1: Fox Talbot: Dawn Of The Photograph
William Henry Fox Talbot called photography “the pencil of nature” and for him the medium he perfected with his 1841 patent for a negative-to-positive process was an ethereal way to capture the beauty of trees, spring blossoms and, decades before Monet, a haystack. At his home in the Wiltshire countryside he created images that possess a lovely innocence.
Science Museum, SW7, to 11 Sep
2: Conceptual Art In Britain 1964–1979
British conceptual art – you mean the Turner prize, bisected cows, unmade beds and the lights going on and off? No – there was a lively experimental art scene in Britain much earlier than most people think and this exhibition unveils its secret history. Marvel at the antics of Keith Arnatt, Art and Language, Mary Kelly and many more. But the exhibition does raise a question: why did these early British conceptualists never seize the national imagination in the way their spiritual descendants have? Were they too radical or just a bit silly? Something to think about in this exhibition of thinking art.
3: In The Age Of Giorgione
This is a sensual dream of an exhibition that brings to life a lost genius of the Renaissance. Dead from plague by his early 30s, Giorgione left behind a romantic reputation as a lover, a lutenist and a lyrical painter. The efforts of five centuries of quibbling art scholarship have nibbled away at his reputation until few surviving paintings are still attributed to him. How brave and important of the RA, then, to resurrect this seductive, courageous visionary. Ignore the sceptics and surrender yourself to the Venetian Leonardo da Vinci.
4: Glasgow International
While London has gone through a surreal evolution from staid backwater to today’s moneyed art capital, Glasgow has kept the bohemian ethos of a city made for artists rather than art dealers. With comparatively few galleries – but a great art college – it is a place to live cheaply and experiment. This festival starring the likes of Turner prize-winner Martin Boyce celebrates its creative inferno.

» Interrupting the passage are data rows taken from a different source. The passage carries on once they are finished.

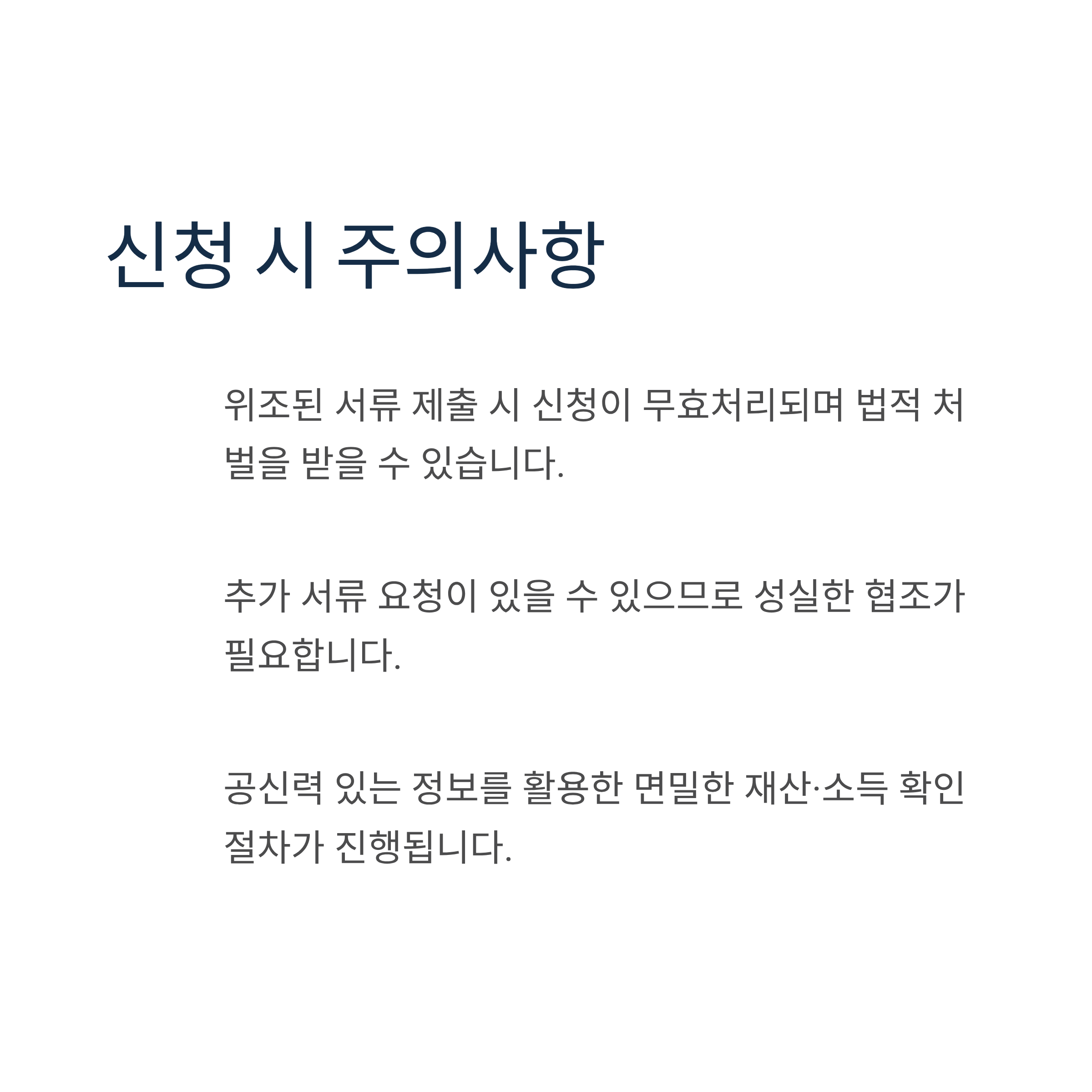 - 공신력 있는 정보를 활용한 면밀한 재산·소득 확인 절차가 진행됩니다.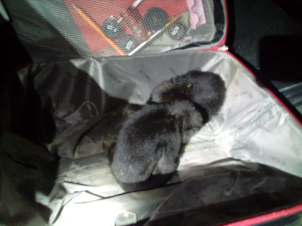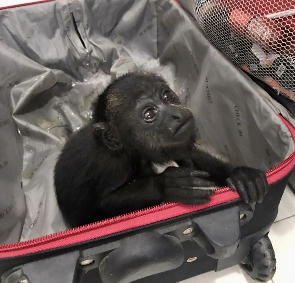 En una tarjeta informativa, se indicó que la unidad fue detenida por faltas al reglamento de tránsito y fue así que escucharon sonidos extraños que provenían de una maleta; al abrirla hallaron dos ejemplares silvestres de primates mono saraguato o aullador, los cuales están sujetos a protección especial.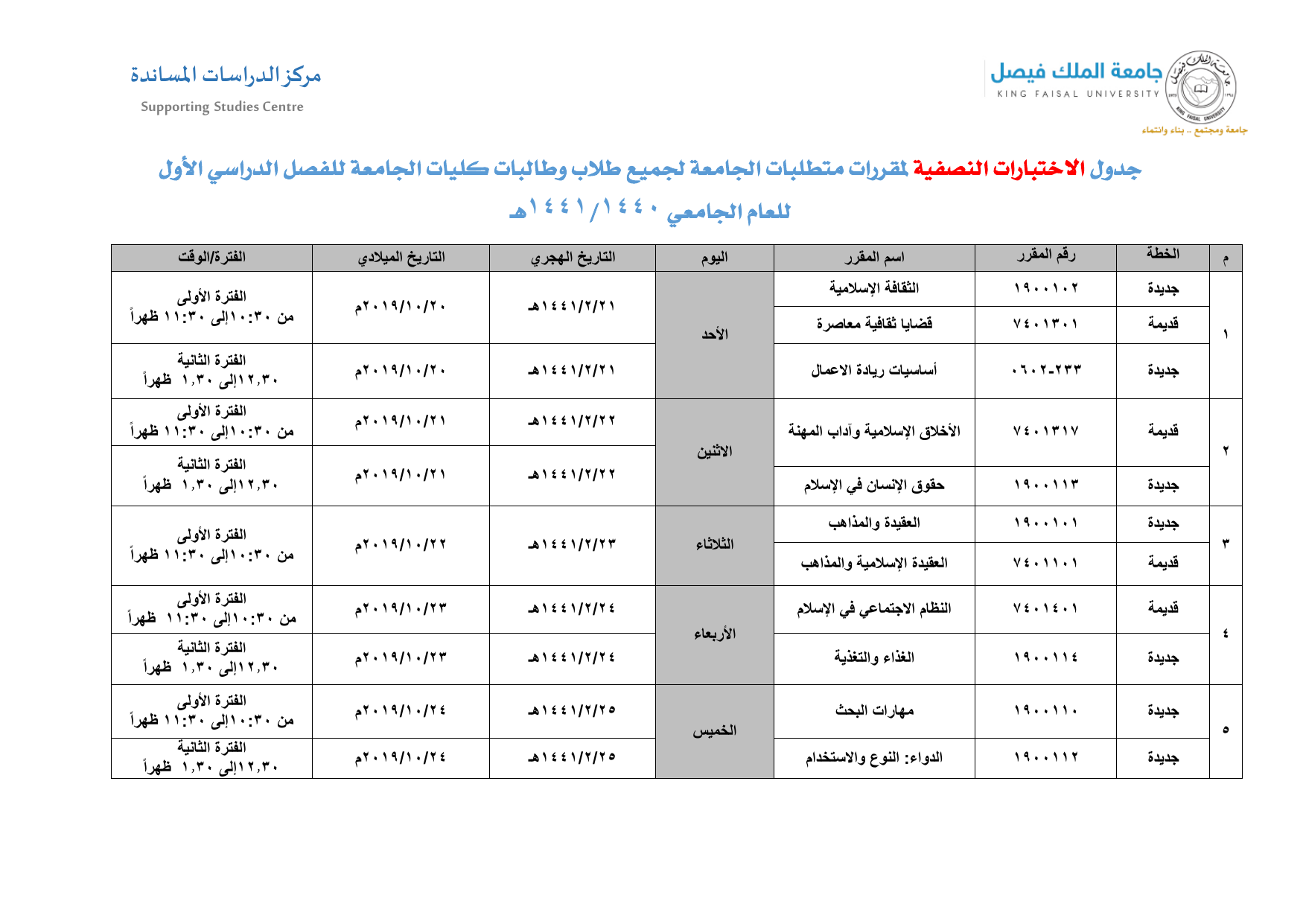 موعد التسجيل في جامعة الملك فيصل. الجامعة تعتذر عن استقبال الطلبة الزائرين للدراسة في الفصل الدراسي الأول 1441 1442. التحويل الخارجي إلى جامعة الملك فيصل. عمادة القبول و التسجيل محدد. تعرف على مواعيد التسجيل في جامعة الملك فيصل للعام 1440 1441هـ بكالوريوس ودبلوم للسعوديين وغير السعوديين مع كافة الشروط ومعرفة التخصصات المتاحة.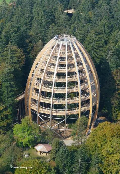 The egg-shaped tree tower was built around three trees with a height of up to 38 m, growing on a rock formation.The path leading through forest tree-tops has a total length of 1,300 m and is the longest tree-top walk worldwide. It was built in 2009 in the Bavarian Forest National Park in Germany. The walk's principal magnet of tourism is the walkable tree tower with a height of 44 m. It consists of a spiral structure with a length of 520 m, directly connected to the 780 m long tree-top walk.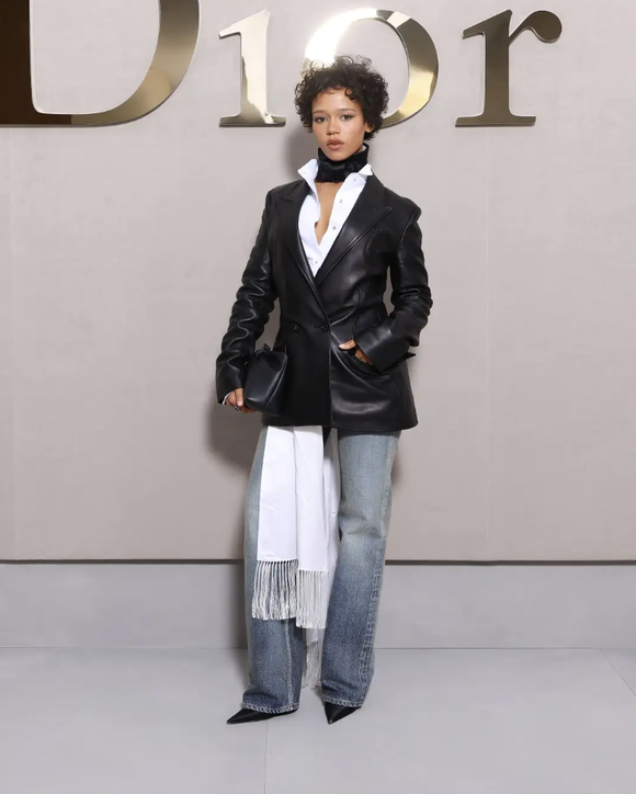 テイラー・ラッセルは、ホワイトのコットンシャツ、ホワイトのシルクスカーフ、ブルーのコットンパンツの上に、ブラックレザー「バー」ジャケットを着用。「DIOR」のアクセサリーも身に纏った。

5: Botticelli And Treasures From The Hamilton Collection
No one has ever drawn hell with the clarity and confidence of Sandro Botticelli. A compelling selection of this mystic master’s illustrations for Dante’s Divine Comedy can be seen here, and it’s like walking through the world of the dead. What makes Botticelli unique among Dante illustrators is the calm dignity of his line that matches the grave tone of a poem whose sublime authority haunts the modern world.